Р-р-р-аз – и они уже в Фрейенвальде, хорошо в Фрейенвальде, это курорт, с красивым садом, с усыпанными желтым гравием дорожками, много по ним ходит всякого народу. Кого-то наша парочка встретит там сразу после того, как она пообедает на открытой террасе рядом с кургаузом?

Землетрясение, молнии, молнии, гром, взорванные железнодорожные пути, разнесенный в щепы вокзал, грохот, дым, смрад, все погибло, удушливый газ, ничего не видать, удушье, раздирающие крики… я твоя, ведь я же вся твоя.

Пускай подходит, пускай сидит, я его не боюсь, вот не боюсь, могу спокойно смотреть ему в лицо. «Это фрейлейн Мици, ты уже знаком, Рейнхольд?» – «Немного. Очень рад, фрейлейн».

И вот они сидят в саду кургауза в Фрейенвальде; кто-то в помещении великолепно играет на рояле. Мици сидит в Фрейенвальде, и Рейнхольд – против нее.

Землетрясение, молнии, удушливый газ, все погибло, а как хорошо, что мы встретились, уж я его обо всем выспрошу, обо всем, что было у Пумса и что там делает Франц, с этим человеком всего можно добиться, если как следует раздразнить, разжечь его, тогда он сам в руки дастся. Мици замечталась о том, как счастье ей благоприятствует. Из зала доносится пение: Скажи мне oui, дитя, по-французски скажи да, хоть по-китайски, хоть по-русски. Скажи как хочешь, безразлично, – любовь ведь интернационалистична.

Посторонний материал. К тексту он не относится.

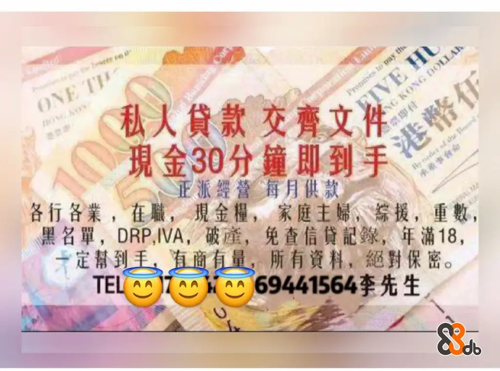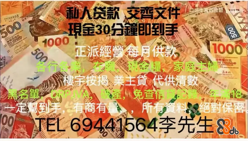 超快借錢,特快貸款免入息$$$煩惱,一個電話幫你解決,免除繁複過程,手續簡易快捷,電話預先審批,最快即日完成提取,直接申請,免TU審查。破產,壞帳,黑名單,重數,綜援,學生,地盤,現金糧,家庭主婦,散工,任何在職人士都一律歡迎。$ 5000 至$100000 有身份證住址證即可!全年無休,歡迎致電查詢 24小時WHATSAPP54468083李生
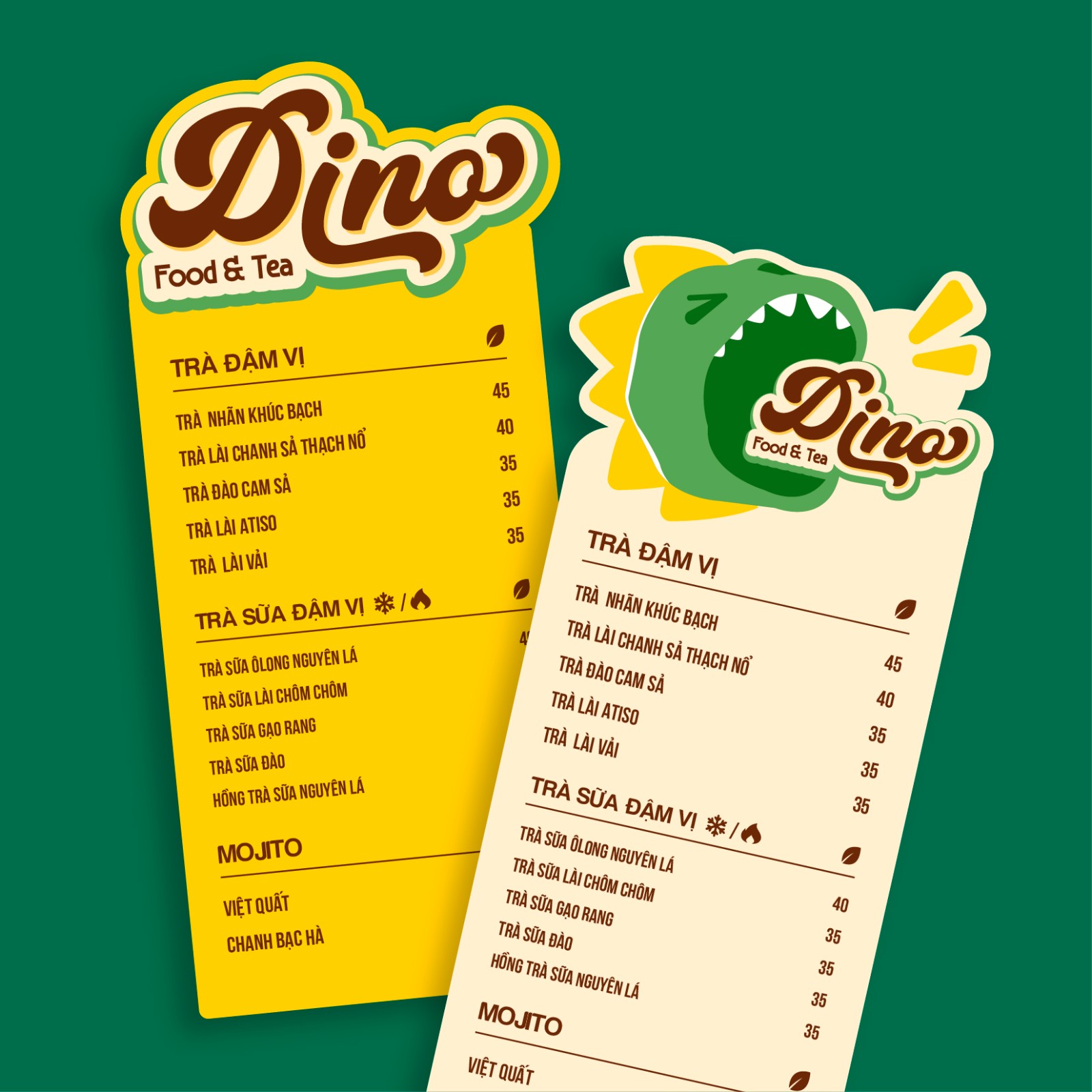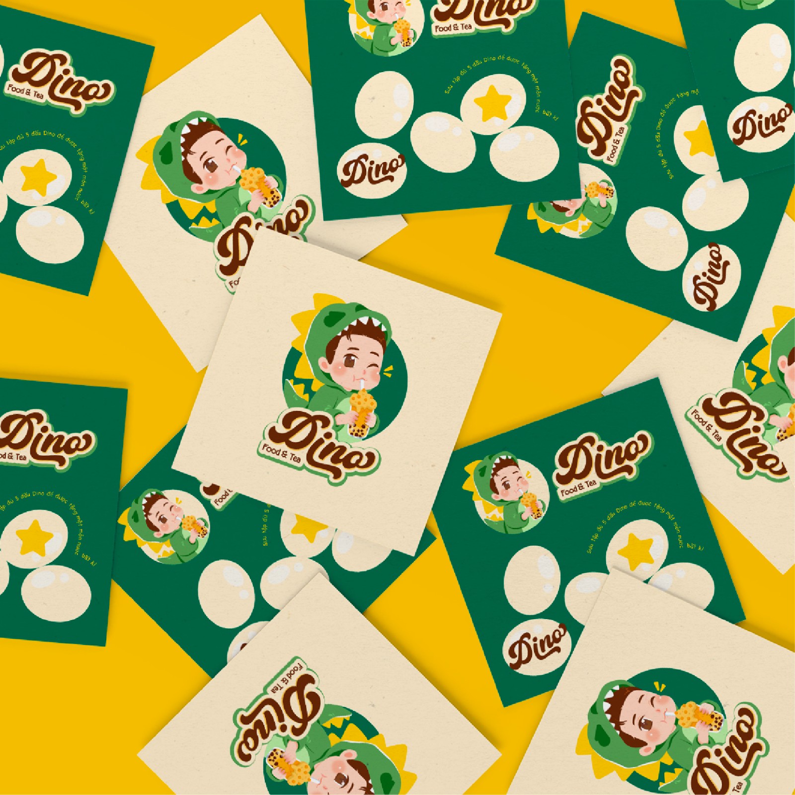 Với sự kết hợp giữa nhân vật mascot, bảng màu vui tươi và typography độc đáo, Kaiza mang đến cho Dino Food & Tea một logo không chỉ dễ thương mà còn dễ ghi nhớ, đảm bảo tính nhận diện mạnh mẽ trên mọi ấn phẩm từ biển hiệu, ly đựng, bao bì.
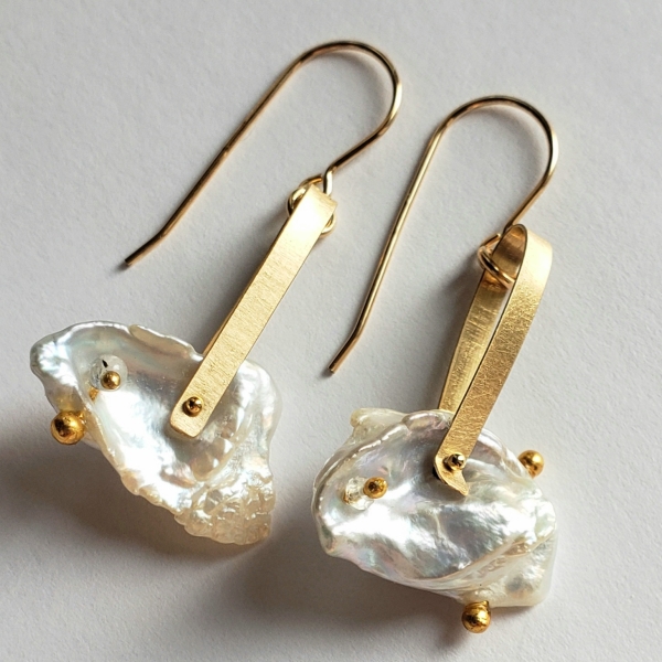 Beautiful one of a kind shaped keshi pearl earrings, very lightweight.
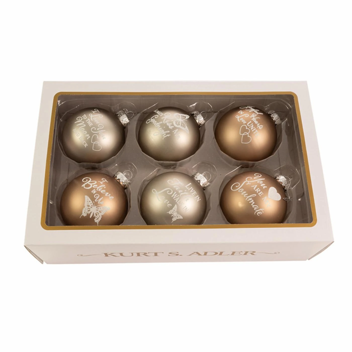 Express your affection every season with the Kurt S. Adler Country Home Sentiment Ball Ornaments – Set of 6, boasting sweet and sentimental loving phrases. Sleek metallic finishes add a glam touch to this sweet set of six ball ornaments.
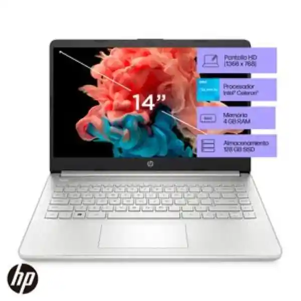 Hp Laptop 14-Dq0532La Windows 11 Home14''Intel Celeron 4Gb Ram128Gb Ssd Plateado Natural.
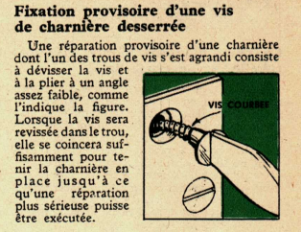 Fixation provisoire d’une vis de charnière desserrée
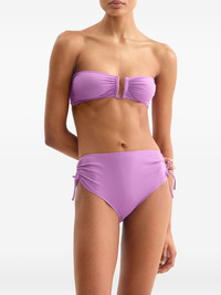 Show bandeau bikini top Highlights - Purple - Gathered front - Strapless design - Clasp fastening at back - Be mindful to try on swimwear over your own garments. Made in Italy Composition Polyamide 84%, Spandex/Elastane 16% SIZE & FIT FittingInformation This piece fits small – take one size up Washing instructions Machine Wash
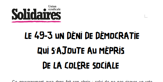 Ce 49-3 dans ce contexte de colère sociale et de mobilisations massives, ajoute de l’huile sur le feu. Le gouvernement devra en assumer la responsabilité.
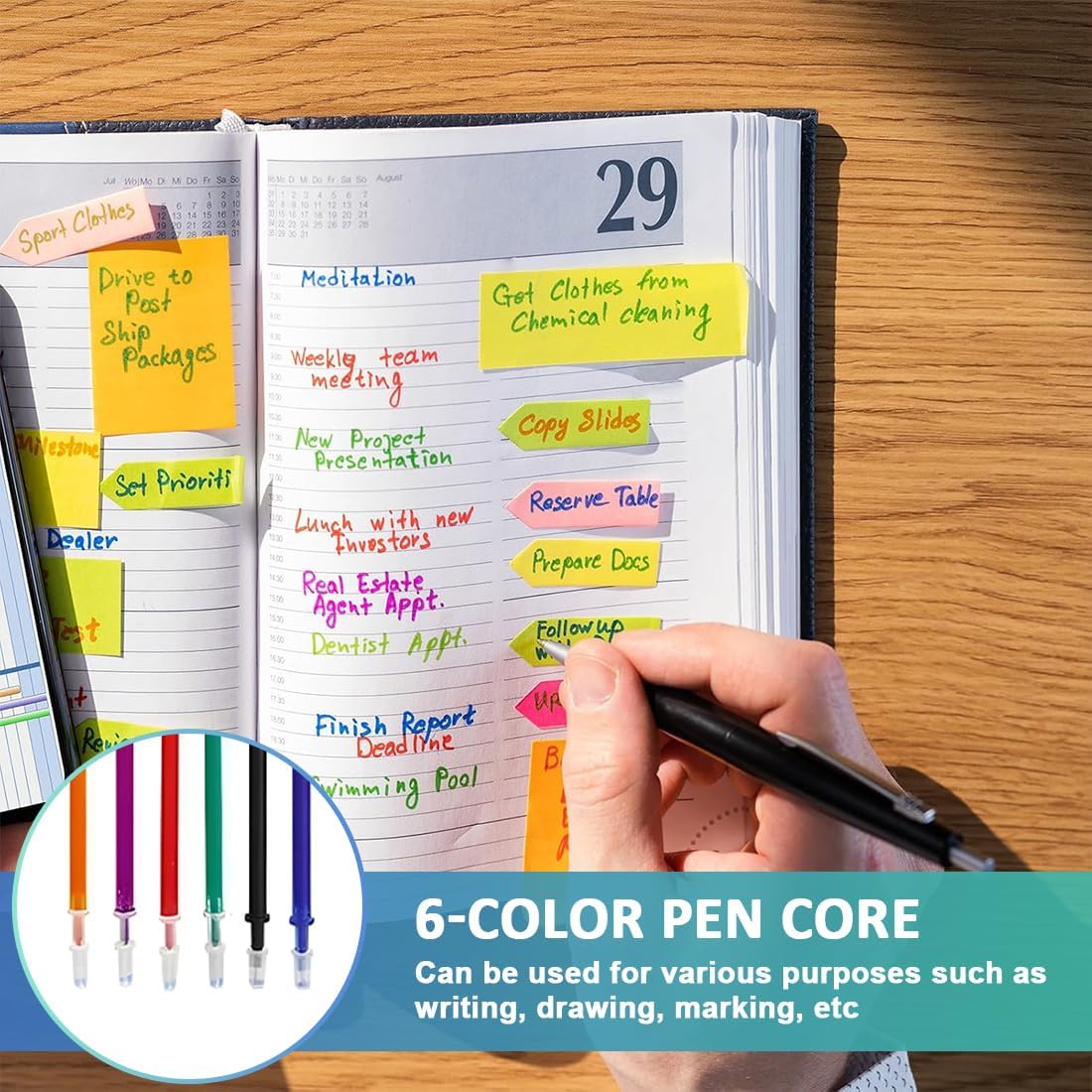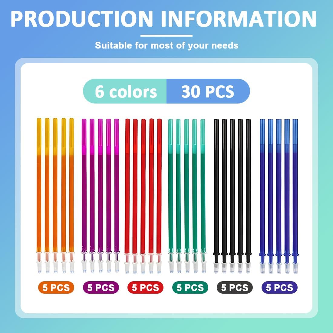 Ricariche per penne compatibili Legam: 30 pezzi di ricariche per penne in gel cancellabili, ad asciugatura rapida e facili da cancellare 6 mine colorate: blu, nero, rosso, verde, giallo, viola Ricarica penna: punta ultra precisa da 0,5 mm per una scrittura eccezionale: la punta fine garantisce una scorrevolezza perfetta senza intoppi, ideale per principianti e amanti della scrittura Compatibilità eccellente: le ricariche per rollerball sono altamente compatibili, consentendoti di sostituirle in modo flessibile e di migliorare costantemente i tuoi metodi di scrittura. Regalo ideale: sono il regalo perfetto per compleanni, la Festa dei Bambini, Natale o il ritorno a scuola. Aggiungi un tocco di allegria alla tua vita o sorprendi una persona a te cara con queste confezioni di ricarica uniche e pratiche.
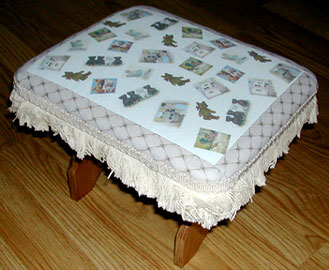 To see a little larger version, just click on the image. Scroll down to see pictures of a stool with fabric created using the antique teddies
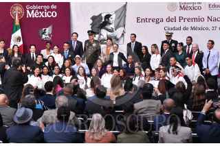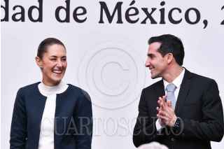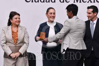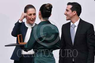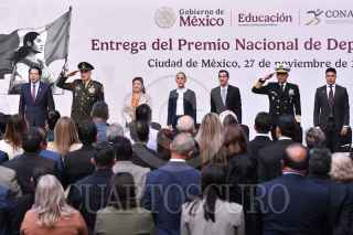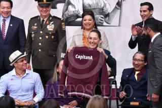 CIUDAD DE MÉXICO, 27NOVIEMBRE2024.- Claudia Sheinbaum, presidenta de México, recibió una chamarra con la palabra "CapitanA" durante la ceremonia de entrega del Premio Nacional de Deportes, realizada en Palacio Nacional. FOTO: MARIO JASSO/CUARTOSCURO.COM
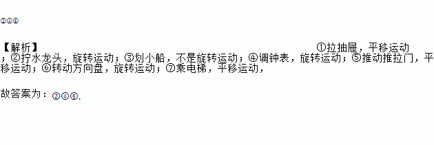 ②④⑥ 【解析】①拉抽屉,平移运动;②拧水龙头,旋转运动;③划小船,不是旋转运动;④调钟表,旋转运动;⑤推动推拉门,平移运动;⑥转动方向盘,旋转运动;⑦乘电梯,平移运动, 故答案为:②④⑥.
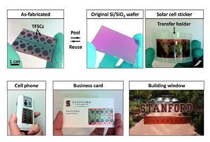 據(jù)國(guó)外媒體報(bào)道,斯坦福大學(xué)科學(xué)家發(fā)明了即剝即貼太陽(yáng)能電池板,這種新型太陽(yáng)能電池板可以像創(chuàng)可貼一樣被剝離下來粘附在任何表面上,它能提供和普通太陽(yáng)能電池板一樣大小的電能,重要的是,該太陽(yáng)能電池板不需要任何裝配,大大拓寬了太陽(yáng)能技術(shù)的潛在應(yīng)用范圍。
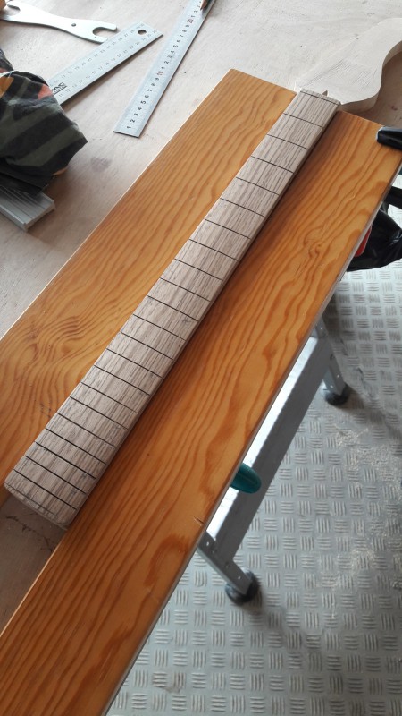 Pour la partie frettage et plus spécialisée lutherie, j’ai pris une lime shinto, des limes Iwasaki plate et ronde, une cale au radius 12’, un fret rocker, des limes spéciales pour frettes (mise en forme et finition), des gommes de polissage 1000 et 2200, une pince coupe frettes, une scie japonaise, des cales pour mesurer différents radius, un notched straightedge (je ne connais pas le nom Français mais c’est pour vérifier la planéité du manche)…La plupart chez Crimson Guitar et le reste sur Amazon.
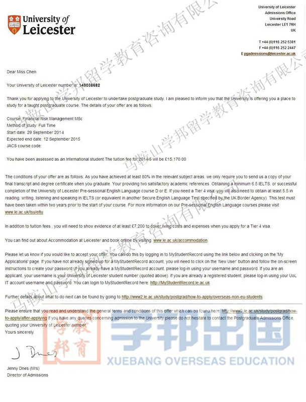 获得英国 莱切斯特大学金融风险管理专业硕士课程通知书!
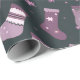 Adorning this wrapping paper are super cute purple and white Christmas stockings, meticulously arranged to capture the essence of holiday charm. The playful stockings, in vibrant purple and crisp white hues, pop against the black backdrop, creating a visually striking and delightful contrast. Their intricate designs and adorable details add a touch of whimsy to your gifts, making them even more special for the holiday season.
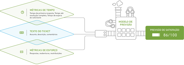 O Score de previsão de satisfação indica a probabilidade de um ticket receber uma classificação de satisfação boa ou ruim. Será criado um modelo preditivo para sua conta usando dados antigos de suporte ao cliente e classificações de satisfação. Os novos tickets e as atualizações dos tickets são avaliados em relação a este modelo para determinar a probabilidade de um cliente ficar satisfeito ao final da interação.
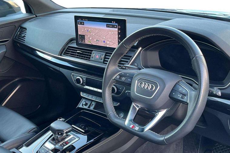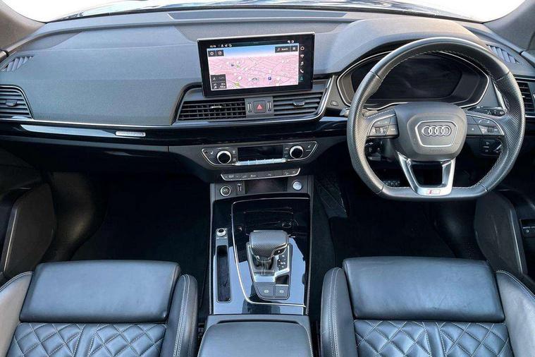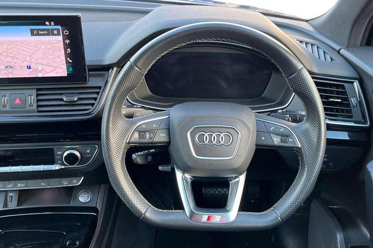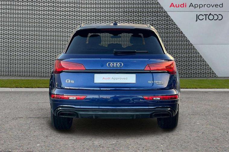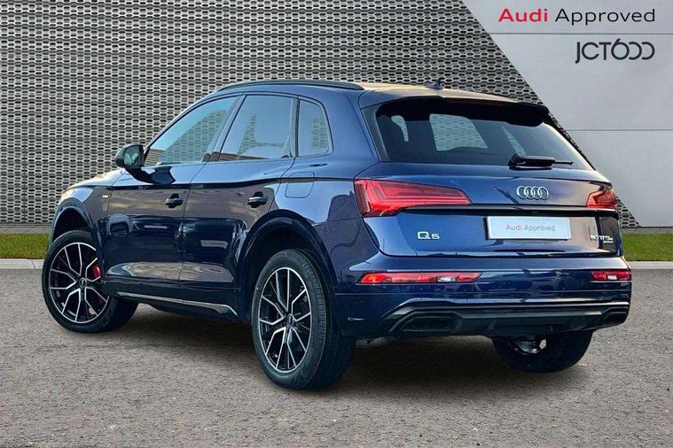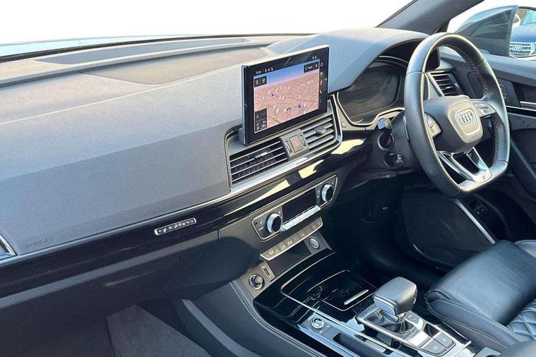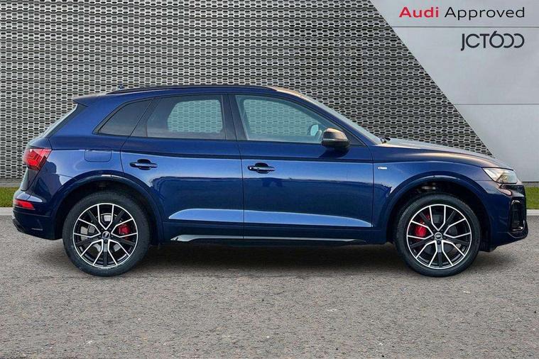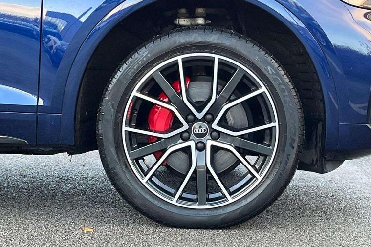 Audi connect safety and service (e-call), Audi connect with Amazon Alexa Integration, Audi drive select, Audi virtual cockpit plus with 12.3" screen and three different layout designs, Audi wireless smartphone interface, Automatic start-stop system with coasting functionality and efficiency programme, Bluetooth interface, Electro - mechanical power assisted steering, MMI navigation plus with 10.1" touch screen, Power tailgate, Reversing camera, Service interval indicator, Voice control system with Audi hotword activation "Hey Audi", 3 pin 10 amp domestic charging cable, Dynamic suspension, Quattro on demand, Type 2 mode 3 22kW 32 amp charging cable, Type 2 socket for AC charging, 2 x USB charging port with aux input socket, DAB Digital radio, Acoustic windscreen, Audi beam with Audi rings logo, Audi matrix LED headlights with dynamic front and rear indicators, Audi rings at front and rear in black, Audi rings decal on rear doors, Auto dimming door mirrors, Auto dimming rear view mirror, Automatic headlights and windscreen wipers, Black door mirrors, Black roof rails, Body colour bumpers, Body colour underbody protection, Chrome plated exhaust trims, Daytime running lights, Door sills in Selenite silver, Electric adjustable/heated/folding door mirrors, Front air inlet surrounds in titanium black, Front and rear electric windows, Headlight washers, High gloss black B pillar trims and triangular rear door trim, High level LED brake light, Rear chrome trim strip below lights, Rear privacy glass and rear side windows, Rear side wing doors, Rear spoiler, Rear wiper, Roof bars, Without model and engine badging at rear, 3 rear headrests, 4 way electric lumbar support for driver and front passenger, 40:20:40 split folding 3 rear bench seat in 2nd row with rear centre armrest, Black cloth headlining, Comfort front centre armrest, Contrast stitching on seats, steering wheel and gear lever gaiter, Deluxe 3 zone electronic climate control, Electrically adjustable front seats, Fine Nappa leather upholstery with diamond pattern contrast stitching + front sport seats with S embossed logo, Front/rear floor mats, Gear lever in black leather, Heated front seats, Height adjustable front head restraints, Height/reach adjustable steering column, Illuminated door sill trims with S logo, ISOFIX child seat mounting and top tether, Rear seat bench plus, Single front passenger seat, Sunvisors with vanity mirrors, Trunk roller cover, Black styling package - Q5 Edition 1, Extended interior upholstery pack - Q5, Extended LED Interior multi coloured Lighting Pack - Q5, 3 point seatbelts on all seats, 6 airbags - Driver, front passenger, curtain and side airbags, Electrically operated child locks on rear doors, Electromechanical parking brake, Electronic stabilisation control including ABS, ASR and EDL, Front and rear brake calipers painted in red, Front passenger airbag deactivation, Hill descent control, Hill hold assist, Multi collision brake assist, Pop-up bonnet for pedestrian protection, Pre sense city, Seat belt force limiter, Seatbelt monitoring, Tyre pressure warning, Warning triangle and first aid kit, Anti theft alarm, Anti-theft wheel bolts, Keyless Go access/ignition system, Remote central locking, Piano black finish inlay, 20" 5 V spoke star design Audi sport alloy wheels in gloss anthracite black with diamond cut finish, Tool kit, Tyre repair kit,
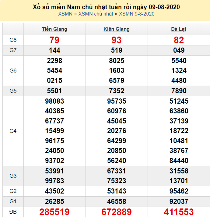 – Thống kê kết quả XSTG mở thưởng hôm nay
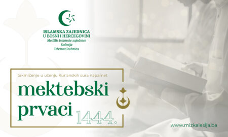 Medžlis Islamske zajednice Kalesija najavljuje organizaciju takmičenja „Mektebski prvaci 2023.“ u učenju Kur'anskih sura napamet, za redovne polaznike mektebske pouke. Polaznici mektebske...
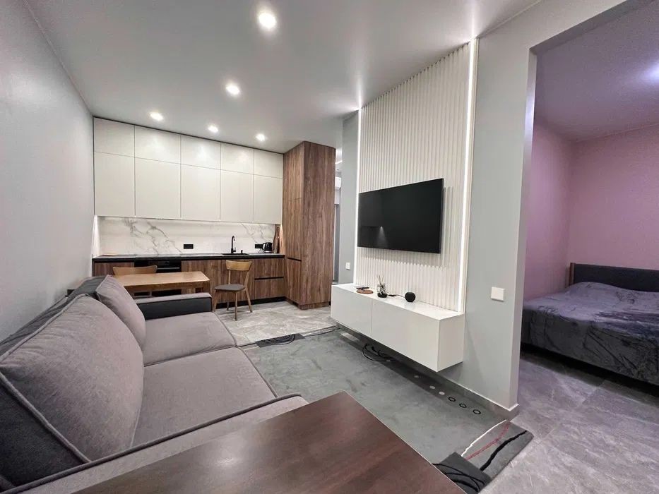11/12 эт. 42 м. Студия отдельно спальня (без двери) гардеробная. Ванна. Автономное газовое. Подземный паркинг.
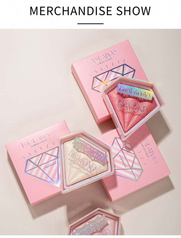 Poudre pressée illuminatrice HANDAIYAN, design diamant, pour le nez, le visage, les yeux, OEM ODM, logo personnalisé

Скажи хоть в нос, скажи обиняком, скажи в экстазе или же тайком, скажи oui, скажи yes, скажи да, и все, что хочешь, дам тебе тогда![642]

Кельнер подает заказанные ликеры, и каждый разрешает себе рюмочку-другую. Мици проговаривается, что была на том вечере, и у них завязывается оживленная беседа. Маэстро за роялем исполняет по общему требованию публики: В Швейцарии, в Тироле, слова Фрица Роллера и Отто Странского, музыка Антона Професа[643]. Ах, в Швейцарии, в Тироле! Хорошо там и привольно; ах, в Тироле, ах, в Тироле, молоко из-под коровы; а в Швейцарии Юнгфрау, и высокие там горы. Требуйте во всех нотных магазинах. Мици хохочет, подпевает: Ю-ху! и Холороиди! вот сейчас мой милый Францекен воображает, что я у моего старика, а я – у него самого, только он этого не замечает.

А потом – давайте прокатимся на автомобиле по окрестностям. На это согласны и Карл, и Рейнхольд, и Мици, или в обратном порядке – и Мици, и Рейнхольд, и Карл, или еще так: и Рейнхольд, и Карл, и Мици, – словом, все согласны. И вдруг надо же случиться, чтоб зазвонил телефон и кельнер вызвал господина Маттера к аппарату, значит, вот насчет чего ты сейчас подмигивал, Рейнхольд, шельма ты этакая, ну ладно, так и быть, не выдам тебя, Мици ведь тоже улыбается, по-видимому, вы оба ничего не имеете против приятного времяпрепровождения. И вот Карлхен уже возвращается от телефона, Карлуша, Карлуша, ведь ты мне всех милей, – что случилось, заболел кто-нибудь? Нет, просто экстренно вызывают в Берлин, а ты, Мици, можешь остаться, конечно, почему бы нет, но я непременно должен съездить, сами знаете – дела, дела. Он еще целует Мици на прощанье, смотри, Карл, не проболтайся, да нет же, мышонок, с какой стати, до свиданья, Рейнхольд, с праздничком тебя, Христос воскрес. И шляпу с вешалки – и айда.

Сидим тут. «Ну, что вы на это скажете?» – «Ах, фрейлейн, вам намедни не стоило так кричать из-за пустяков». – «Это я с перепугу». – «Что вы? Передо мной?» – «В конце концов, ко всякому человеку можно привыкнуть». – «Вы очень любезны». Ишь как эта канашка умеет глазки строить, этакий лукавый бесенок, пари, что она еще сегодня будет моя. Ой, не дождешься, миляга, она собирается только помучить тебя, чтобы ты рассказал ей все, что знаешь. Глаза, глаза-то у тебя какие. Словно ты целый пучок сельдерея съел.

Наконец маэстро за роялем исчерпал весь свой репертуар, да и роялю пора отдохнуть, устал ведь, спать захотел, Рейнхольд и Мици идут погулять, бродят по холмам, заглядывают в лес, говорят о том о сем и идут под руку, и этот Рейнхольд вовсе не так уж плох. А когда в шесть часов возвращаются в кургауз, Карл уже вернулся на автомобиле и поджидает их. Неужели же ехать теперь домой, вечером будет полнолуние, мы все вместе отправимся в лес, будет чудесно, что ж, это можно. Так что в восемь часов они втроем отправляются в лес, а потом Карлу поручается вернуться, заказать в гостинице комнаты и распорядиться насчет автомобиля. Встретимся, говорят, потом на террасе у кургауза.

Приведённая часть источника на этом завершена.